INSTRUCTIONS FOR THE TASK: Below are some records. Retype exactly the lines from the one containing "73334877 Saarburg Saar" through the one containing "例会的第一个环节是:由张艳君", both included, skipping every picture.

RECORDS PROVIDED:
+-------+

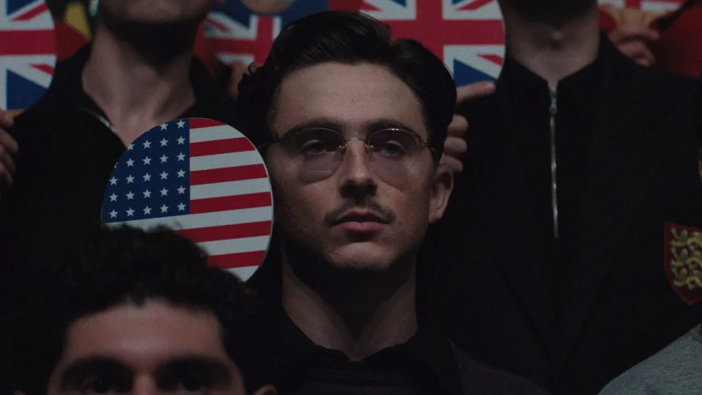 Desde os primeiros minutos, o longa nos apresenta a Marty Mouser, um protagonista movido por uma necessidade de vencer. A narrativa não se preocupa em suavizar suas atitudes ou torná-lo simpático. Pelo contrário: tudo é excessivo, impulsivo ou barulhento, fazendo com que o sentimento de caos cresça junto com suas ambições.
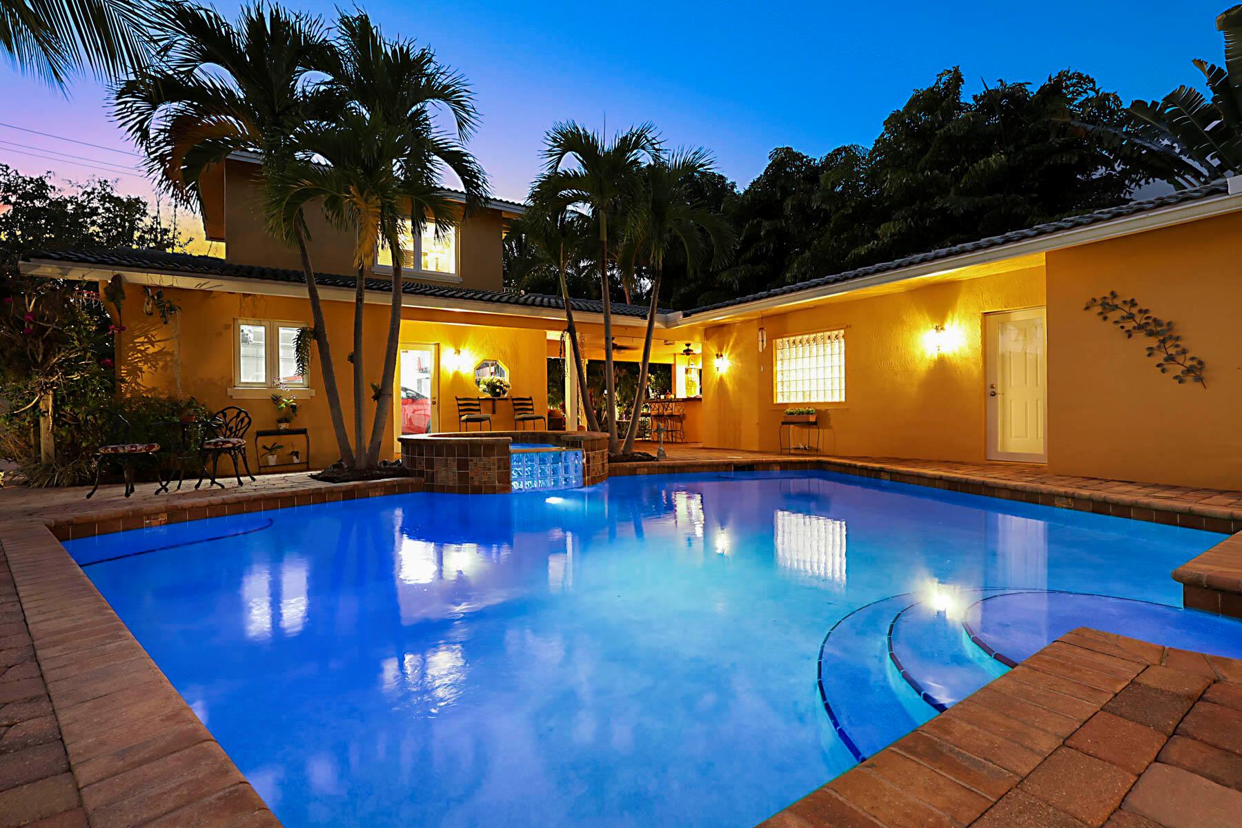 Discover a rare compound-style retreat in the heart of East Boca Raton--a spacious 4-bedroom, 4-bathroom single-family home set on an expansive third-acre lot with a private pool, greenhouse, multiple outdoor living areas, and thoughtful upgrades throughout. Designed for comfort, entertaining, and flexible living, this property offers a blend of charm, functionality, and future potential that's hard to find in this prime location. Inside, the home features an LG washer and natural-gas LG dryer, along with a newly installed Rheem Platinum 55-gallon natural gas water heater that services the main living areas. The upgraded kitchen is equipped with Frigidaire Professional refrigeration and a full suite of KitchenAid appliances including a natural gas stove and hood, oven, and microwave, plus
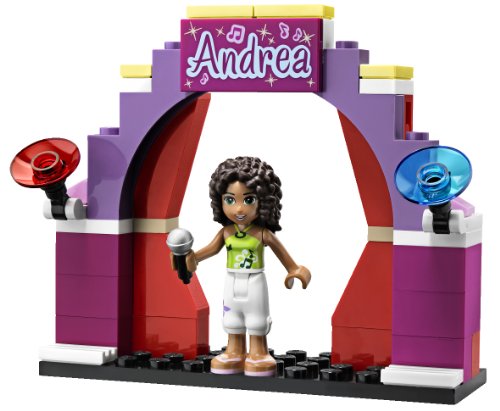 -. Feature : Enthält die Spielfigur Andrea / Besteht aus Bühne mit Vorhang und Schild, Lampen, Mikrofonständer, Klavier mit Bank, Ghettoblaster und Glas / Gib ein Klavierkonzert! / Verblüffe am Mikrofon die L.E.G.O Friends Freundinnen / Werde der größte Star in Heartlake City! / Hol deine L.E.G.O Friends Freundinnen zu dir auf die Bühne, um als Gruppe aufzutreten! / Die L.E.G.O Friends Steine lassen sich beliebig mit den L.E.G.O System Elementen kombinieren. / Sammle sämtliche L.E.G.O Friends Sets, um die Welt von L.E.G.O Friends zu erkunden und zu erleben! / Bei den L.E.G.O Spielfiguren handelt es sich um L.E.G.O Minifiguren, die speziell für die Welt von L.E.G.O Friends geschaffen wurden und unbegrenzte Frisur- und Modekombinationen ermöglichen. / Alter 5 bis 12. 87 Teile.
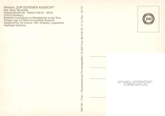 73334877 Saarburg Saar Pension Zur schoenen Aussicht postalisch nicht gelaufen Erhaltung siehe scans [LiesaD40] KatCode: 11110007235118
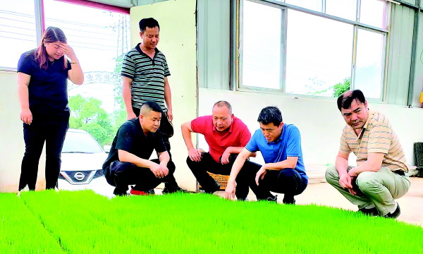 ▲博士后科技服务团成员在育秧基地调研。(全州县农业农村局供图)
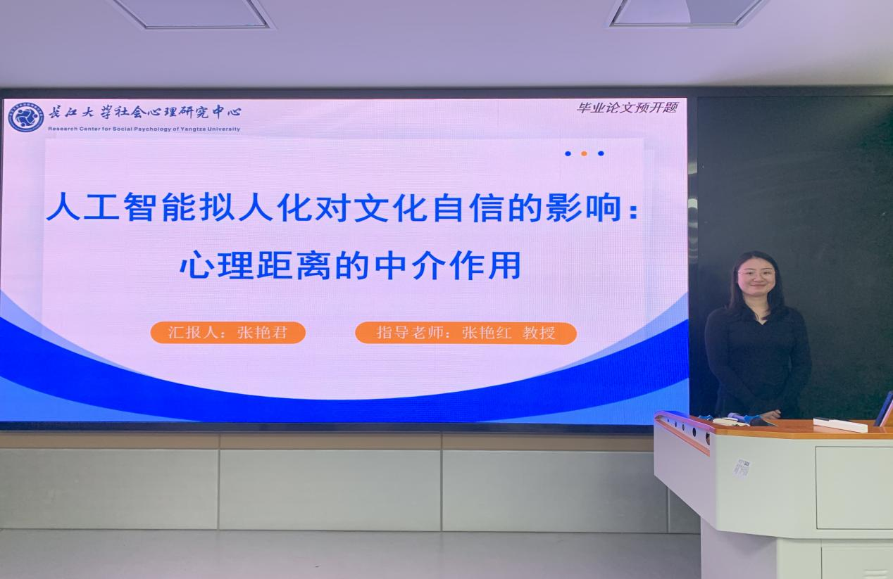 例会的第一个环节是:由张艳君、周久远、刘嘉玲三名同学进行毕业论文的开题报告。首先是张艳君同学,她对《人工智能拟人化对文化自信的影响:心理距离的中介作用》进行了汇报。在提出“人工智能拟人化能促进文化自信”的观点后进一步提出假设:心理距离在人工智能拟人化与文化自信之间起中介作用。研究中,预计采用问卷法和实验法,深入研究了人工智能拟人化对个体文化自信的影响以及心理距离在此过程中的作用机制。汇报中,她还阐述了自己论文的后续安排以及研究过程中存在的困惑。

+-------+

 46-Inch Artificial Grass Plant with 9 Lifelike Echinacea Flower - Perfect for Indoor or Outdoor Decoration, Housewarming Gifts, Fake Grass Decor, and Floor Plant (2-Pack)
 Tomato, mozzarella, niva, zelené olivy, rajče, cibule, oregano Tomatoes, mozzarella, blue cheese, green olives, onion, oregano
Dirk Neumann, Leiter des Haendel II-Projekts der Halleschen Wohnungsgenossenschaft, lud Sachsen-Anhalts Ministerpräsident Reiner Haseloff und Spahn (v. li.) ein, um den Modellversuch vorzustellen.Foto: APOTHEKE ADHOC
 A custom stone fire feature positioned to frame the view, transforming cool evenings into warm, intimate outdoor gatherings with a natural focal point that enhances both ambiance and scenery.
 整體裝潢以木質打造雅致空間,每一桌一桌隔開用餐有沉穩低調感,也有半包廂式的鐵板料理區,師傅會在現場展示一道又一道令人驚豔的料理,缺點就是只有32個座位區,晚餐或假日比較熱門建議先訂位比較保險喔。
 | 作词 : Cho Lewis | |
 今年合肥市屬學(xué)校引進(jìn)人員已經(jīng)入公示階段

+-------+

SOLUTION BELOW:
 73334877 Saarburg Saar Pension Zur schoenen Aussicht postalisch nicht gelaufen Erhaltung siehe scans [LiesaD40] KatCode: 11110007235118
 ▲博士后科技服务团成员在育秧基地调研。(全州县农业农村局供图)
 例会的第一个环节是:由张艳君、周久远、刘嘉玲三名同学进行毕业论文的开题报告。首先是张艳君同学,她对《人工智能拟人化对文化自信的影响:心理距离的中介作用》进行了汇报。在提出“人工智能拟人化能促进文化自信”的观点后进一步提出假设:心理距离在人工智能拟人化与文化自信之间起中介作用。研究中,预计采用问卷法和实验法,深入研究了人工智能拟人化对个体文化自信的影响以及心理距离在此过程中的作用机制。汇报中,她还阐述了自己论文的后续安排以及研究过程中存在的困惑。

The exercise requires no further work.